> **PROBLEM REQUIREMENTS**
Once you find the line with "この日のために建てられた相撲小屋(磯子図書館所蔵、岡村天満宮提供)" in the listing below, set down exactly every line from it through the line with "At the heart", but no pictures.

> **DATA SHOWN**
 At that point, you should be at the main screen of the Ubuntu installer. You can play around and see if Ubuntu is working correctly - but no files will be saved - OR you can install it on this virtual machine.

---

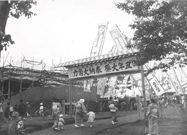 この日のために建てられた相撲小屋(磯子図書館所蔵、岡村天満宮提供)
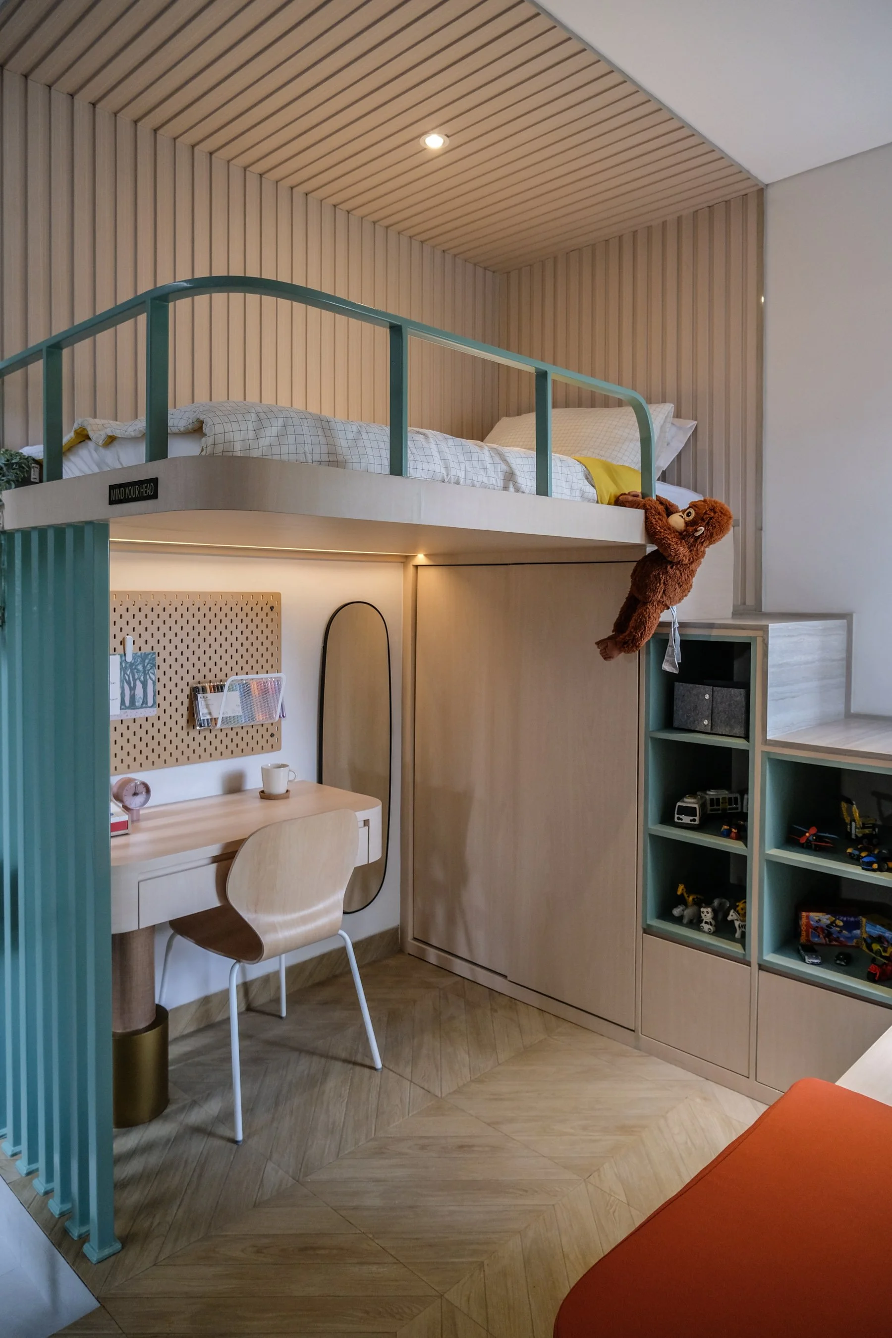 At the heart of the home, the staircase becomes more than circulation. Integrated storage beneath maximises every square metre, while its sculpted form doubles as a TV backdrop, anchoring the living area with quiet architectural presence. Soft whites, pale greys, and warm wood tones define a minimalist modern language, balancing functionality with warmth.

==

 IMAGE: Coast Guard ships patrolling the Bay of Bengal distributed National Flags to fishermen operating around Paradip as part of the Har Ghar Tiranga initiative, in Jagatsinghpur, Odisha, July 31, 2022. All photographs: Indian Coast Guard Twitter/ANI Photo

> **SOLUTION**
 この日のために建てられた相撲小屋(磯子図書館所蔵、岡村天満宮提供)
 At the heart of the home, the staircase becomes more than circulation. Integrated storage beneath maximises every square metre, while its sculpted form doubles as a TV backdrop, anchoring the living area with quiet architectural presence. Soft whites, pale greys, and warm wood tones define a minimalist modern language, balancing functionality with warmth.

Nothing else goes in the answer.